*** Record set ***

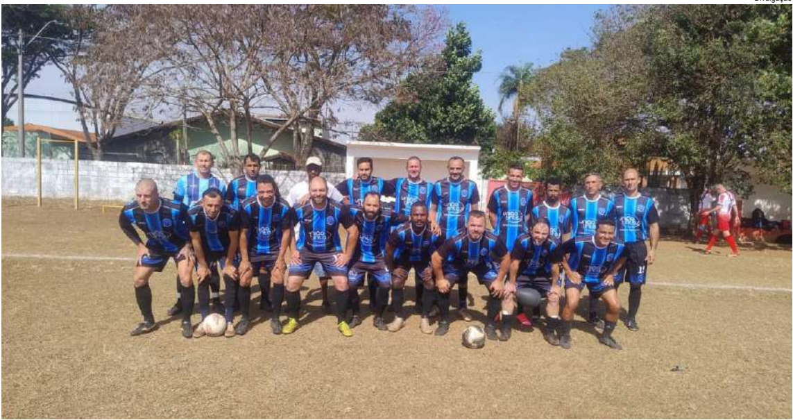
Cruzeiro faz uma boa campanha e lidera o Grupo Amarelo

2 Dínamo/Ponte Preta Ibaté – 7 pts 3 + ou – – 6 pts 4 Fortaleza/Sintufscar – 6 pts 5 Jardim Munique – 2 pts 6 Inter – 0 pt
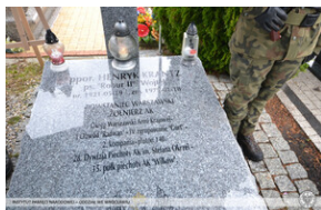
Projekt „Ocalamy” – Oława, 27 września 2022
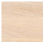
3066 Белый прозрачный
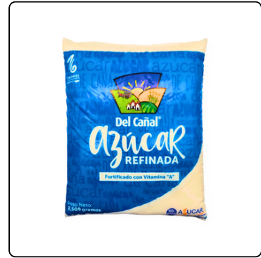
AZÚCAR REFINADA 2.5 KIL
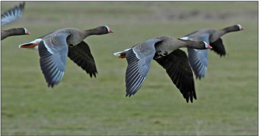
Het gebied is nog steeds belangrijk voor overwinterende Dvergganzen.
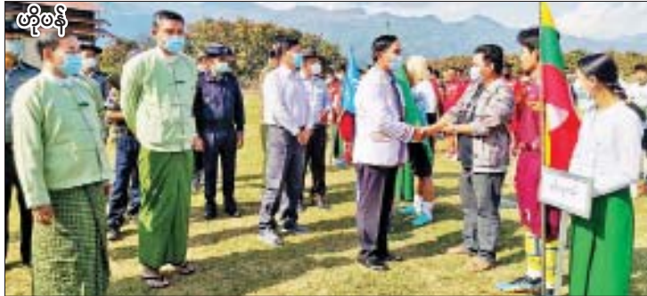
ဖိုရိုစန်

မန္တလေးတိုင်းဒေသကြီးမတ္တရာမြို့နယ် စီမံအုပ်ချုပ်ရေးအဖွဲ့၊ ပြန်ကြားရေးနှင့် ပြည်သူ့ဆက်ဆံ ရေးဦးစီးဌာနနှင့် ပညာ ရေးဌာနတို့ ပူးပေါင်းကျင်းပသည့် (၇၅)နှစ်မြောက် စိန်ရတု ပြည်ထောင်စုနေ့ အထိမ်းအမှတ် စာစီစာကုံး၊ ကဗျာရေးစပ်၊ ပန်းချီနှင့် ကဗျာရွတ်ဆိုပြိုင်ပွဲများကို ဇန်နဝါရီ ၂၆ ရက်မှ ၂၈ ရက်အထိ မတ္တရာ မြို့နယ် ပြန်ကြားရေးနှင့် ပြည်သူ့
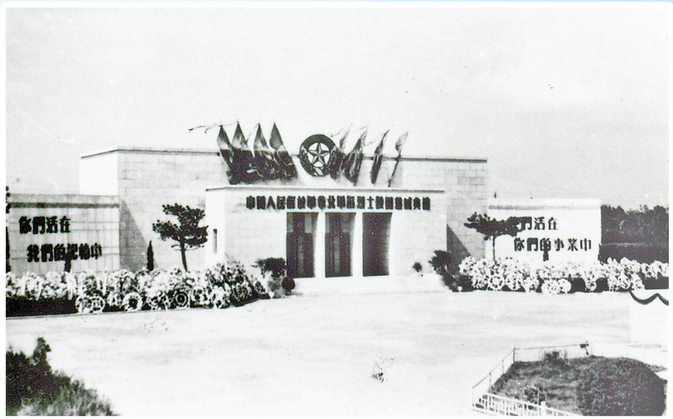
华北军区烈士陵园建园时纪念碑全景。

这两大烈士陵园是怎样建成的?它们有着怎样的前世今生?安葬在陵园的烈士身后有着哪些鲜为人知的故事?
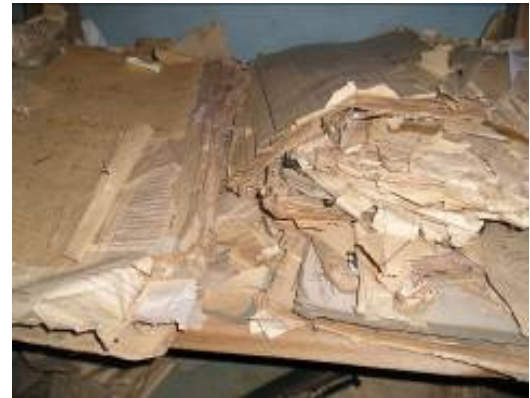
Livres fonciers, Cirdoma Manjakandriana

opération réalisée en 1994-95, financement Banque Mondiale, Cirdoma Diego
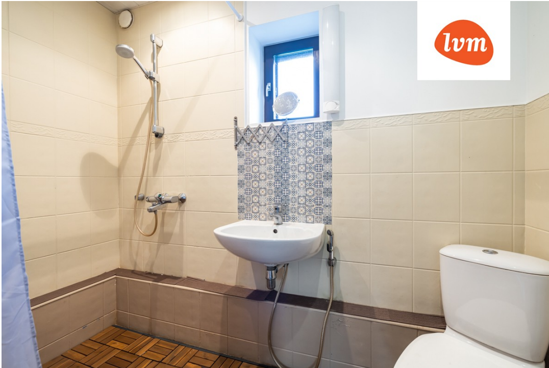
Veerenni põik 3 II korrus
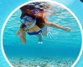
Sand Bank ชมทุดทรายขาว ดำน้ำชมปะการัง

แพ็คเกจมัลดีฟส์สุดคุ้ม บินทรู 5 ดาว ราคาเบาๆ ขนหนัก พักเกาะฮูลุมาล่ 3 คืน อาหารครบทุกมื้อ

*** End of Record set ***

Work item: What lines in the data above contain the word "Cirdoma"? Show them all.

Finished exercise:
Livres fonciers, Cirdoma Manjakandriana
opération réalisée en 1994-95, financement Banque Mondiale, Cirdoma Diego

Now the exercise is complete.